Andy has heroic qualities --- he's possibly the nicest person I know, generous in the extreme, with a magician's ability to manufacture time --- but Superman would fold under this much loss. I worried for Andy.
Last week, at the Church of the Blessed Sacrament, there was a funeral Mass for Charles. I'm ambivalent about retailing this service --- I always liked it that, in the 1800s, when a Londoner died, his street was often covered with hay so the sound of horses' hooves wouldn't disturb the mourners in their grieving. So part of me says this was precious, and private, and should be limited to the memories of those who were there.
But there was a magnificence about this event that demands sharing.
Let me just introduce these men.
Andy Tobias is Jewish, one of two sons, Horace Mann and Harvard, making his first fortune --- on paper only, as it turned out --- in his early 20s. For a while, he wrote for New York magazine about business and money. He pumped out one witty, helpful bestseller after another. Then he was a software pioneer, with a program called "Managing your Money" that actually did what it promised. He lost a lover to AIDS. And now he's the treasurer of the Democratic National Committee.
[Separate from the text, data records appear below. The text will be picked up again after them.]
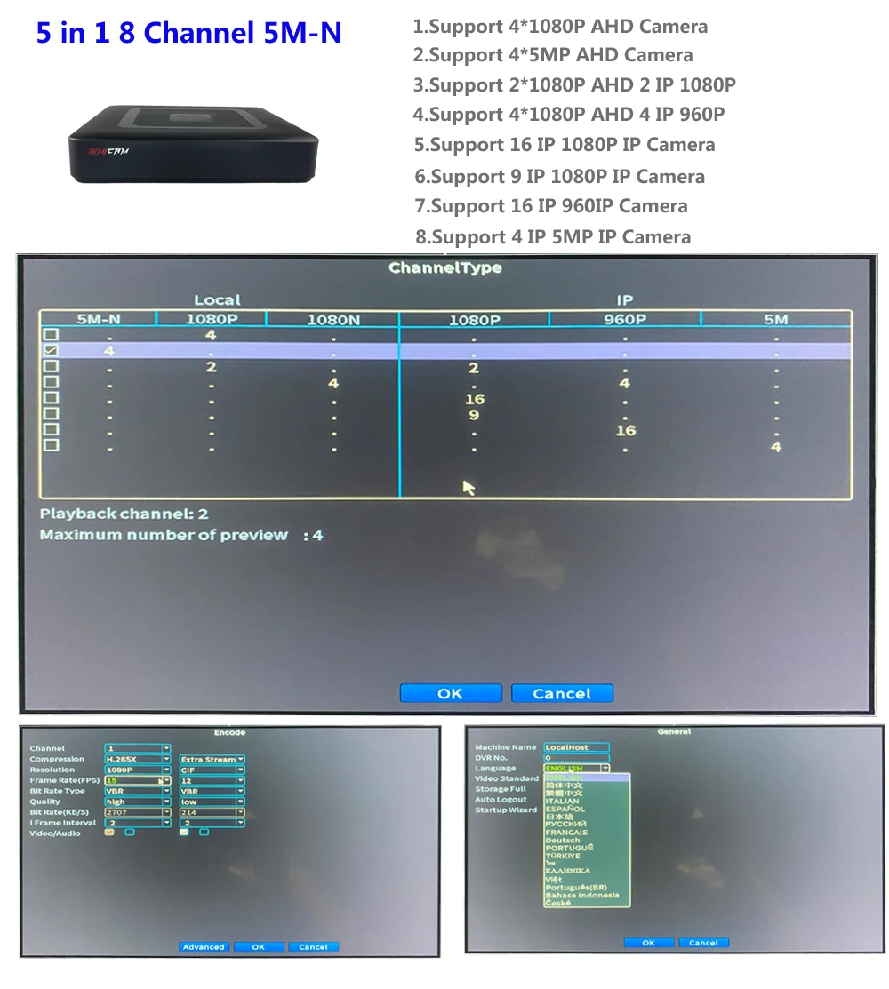 5-n dvr отправляет одну версию случайным образом. Две версии системы, если вам нужно уточнить, пожалуйста, подтвердите с нами8CH 5m-N HD-AHD DVRIP66 водонепроницаемый
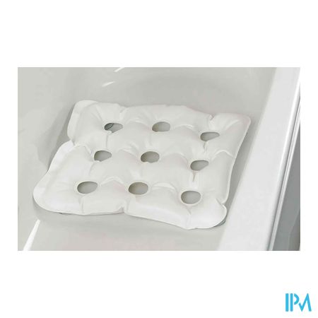 Dit vierkant opblaasbaar badkussen van 45,5 cm wordt met 4 zuignappen stevig op zijn plaats gehouden.
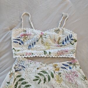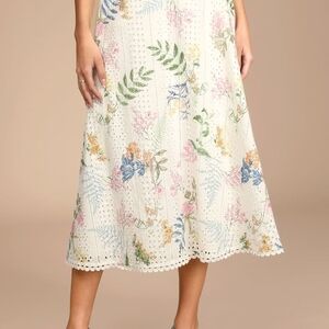 Embrace elegance with this floral cream midi skirt and top. Perfect for any occasion.
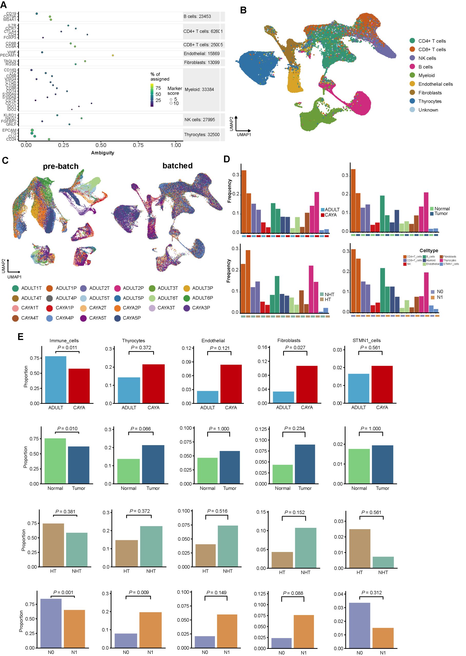 Preliminary cell clustering was performed using a shared nearest neighbor modularity optimization‐based clustering algorithm. After removing the batch effect, the major cell type and lineage of each cluster were determined based on the expression of canonical markers (Figure S1C, Supporting Information). In total, we identified 40 053 CD4+ T cells (27.92%), 19 534 CD8+ T cells (13.61%), 6547 NK cells (4.56%); 20 159 B cells (14.05%), 12 439 myeloid cells (8.67%), 7133 endothelial cells (4.97%), 8338 cancer‐associated fibroblasts (CAFs) (5.81%), 26 933 thyrocyte cells (18.77%), and 2341 STMN1 cells (1.63%) (Figure 1C). Furthermore, based on top differentially expressed genes, we identified unique markers for each of the 32 major clusters (Figure 1D) and used the machine‐learning algorithm “Garnett” to assign signatures to each cluster (Figure S1A,B, Supporting Information). To further verify the reliability of clustering, we projected key gene scores onto the uniform manifold approximation and projection (UMAP) using Ucell, and the results were consistent with our clustering (Figure 1E; Table S2, Supporting Information). This allowed us to develop a cluster‐agnostic approach for cell‐type annotation. For each individual sample, the proportion of thyrocyte cell types was highly variable, with CD4+ T cells being the most dominant cell type within the TME of PTC, followed by B cells, CD8+ T cells, myeloid cells, fibroblasts, NK cells, and endothelial cells (Figure 1F). We also discovered distinct fibroblast and myeloid cells, as well as B cells and CD4+ T cells, in the tumor and adjacent normal tissue (Figure 1G; Figure S1D,E and Excel S4, Supporting Information). Notably, cancer‐associated fibroblast cells and endothelial cells were specifically enriched in CAYA patients, while CD4+/CD8+ T cells, NK cells, and B cells were predominantly present in adult patients (Figure 1G; Figure S1D,E, Supporting Information). Overall, our comprehensive analysis of 143 477 single cells from normal and tumor tissue of the human thyroid provides an unprecedented opportunity to compare this atlas across subgroups.
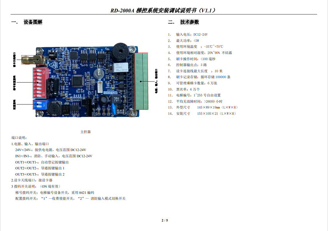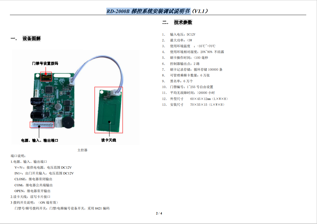 RD-2000A 梯控系統(tǒng)安裝調(diào)試說(shuō)明書(shū)(V1.1)
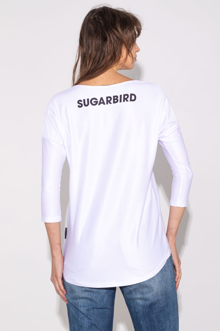 A loose-fitting top with three-quarter sleeves, below the hips, dropped shoulders, and a round neckline with a narrow strap. On the side
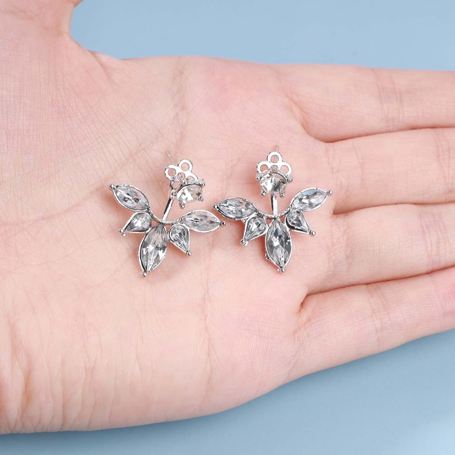 - Lotus Flower Ear Jackets Earrings made of high quality alloy and crystal,lightweight and comfortable to wear.
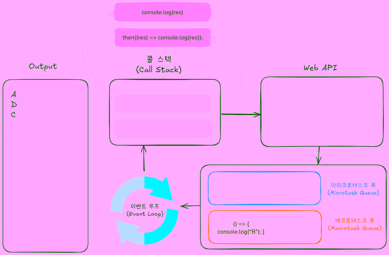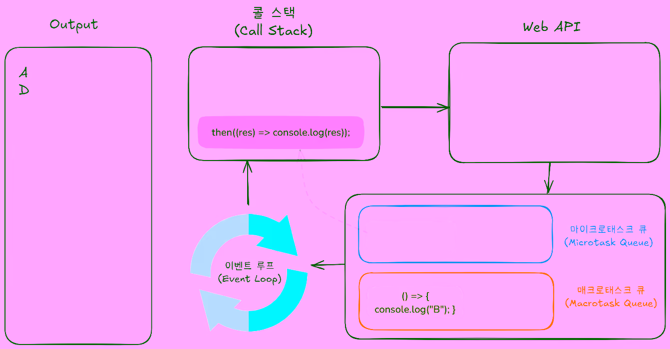 Promise코드가 콜 스택에 쌓인 후then의 콜백 함수가 마이크로태스크 큐로 이동합니다.
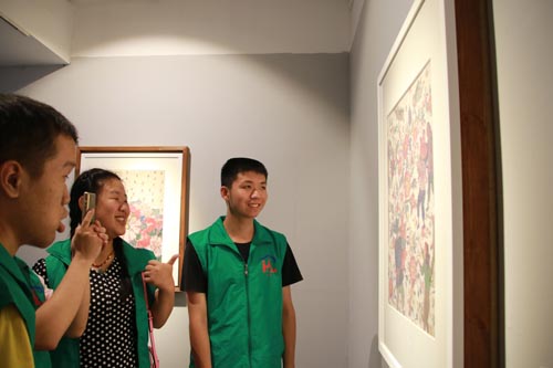 慧灵智障人士社区服务机构学员愉快地欣赏蔡皋画展
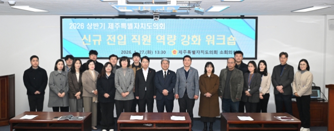 [뉴스앤톡] 제주특별자치도의회 의회운영위원회는 지난 1월 27일, 도의회 의사당 소회의실에서 2026년 상반기 정기인사로 전입한 직원 및 실무 역량 배양이 필요한 직원들을 대상으로 ‘역량 강화 워크숍’을 개최했다.
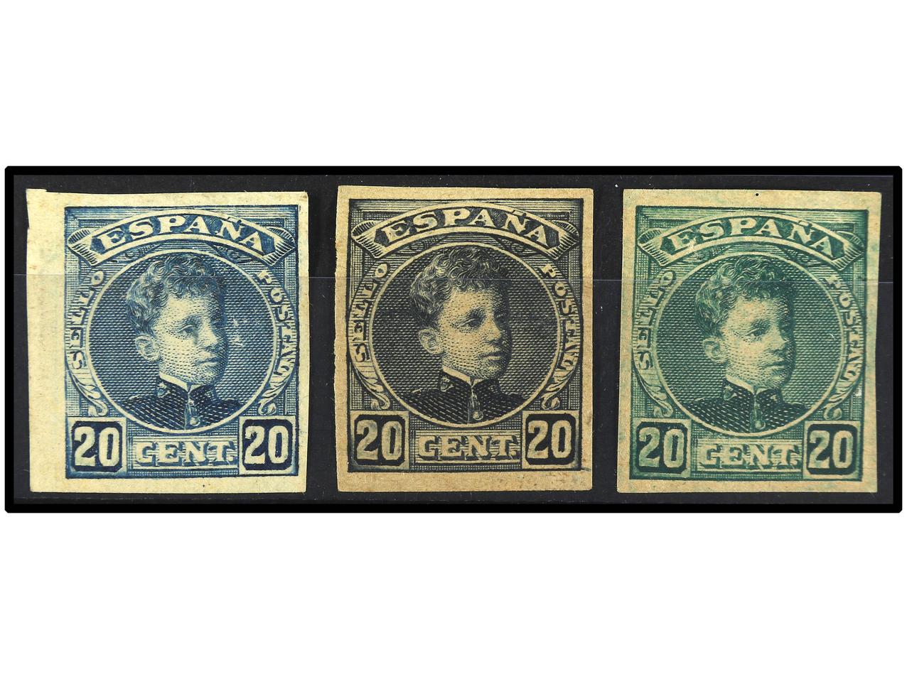 ESPAÑA. ENSAYOS DE COLOR. 20 cts. azul oscuro, 20 cts. negro y 20 cts. verde amarillo. Muy bonitos. Ed.247 (3). (Image1)

Charles was Catholic, one of nine kids born in ten years. He rocketed out of Massapequa, Long Island to Seventh Avenue. One by one, he revived stodgy brands (Bill Blass, Ellen Tracy and Anne Klein), only to walk away from fashion for a year because it was totally clear to him that the best use of his time was to help get Howard Dean elected President. Then he went out on his own and became a brand himself, so self-confident about his clothes that he used regular people --- like his mother, like Andy's mother --- in his shows.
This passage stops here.